“It’ll be kind of like a time capsule, which people in the future, maybe in 20, 30, 40, 50, 100, 200 years could look at that and say ‘Oh my god, that’s what it’s like — a portrait of the world in a day.’”
Of course, this is what YouTube and the rest of the social web do already:
They document our lives. But by carefully curating these clips into a unified creative vision, MacDonald hopes to make something far more meaningful than a random sampling of YouTube videos dated the same day typically would.
To participate, simply film something happening Saturday (guidelines follow) and then look for the “submit” button that will appear on the “Life in a Day” YouTube channel, Saturday, July 24. MacDonald advises participants to shoot high-quality video of any length and save their uncompressed footage in case their videos are selected for inclusion.
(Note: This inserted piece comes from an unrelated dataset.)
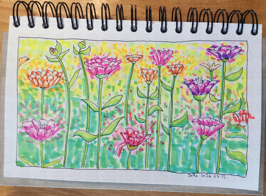 A vibrant garden scene showcasing an array of colorful flowers with tall stems. The background features a mix of greens and yellows, adding to the lively atmosphere.

The project will be more effective if MacDonald can weave together thematic threads that connect people’s videos, so in addition to the guidelines linked from this page, he mentions the a few examples of the sort of “little snapshots from your lives” that he’ll be looking for:
“something banal” like going to work or breakfast time
the sunrise
your baby doing something interesting
going to the hospital to visit a friend
your birthday
going for a walk in the countryside
or something “much more meaningful and emotional,” such as the demolition of your favorite building or the death of a friend
your wedding
Overall, MacDonald asks participants to answer the following four questions:
What do you fear the most (he mentions snakes, population explosion, climate change, the witch who lives next door)?
What do you love?
What makes you laugh?
What is in your pocket? (In MacDonald’s case, he had an iPhone in a case, keys, a “very cheap pen” given to him by Donald Sutherland and a tissue.)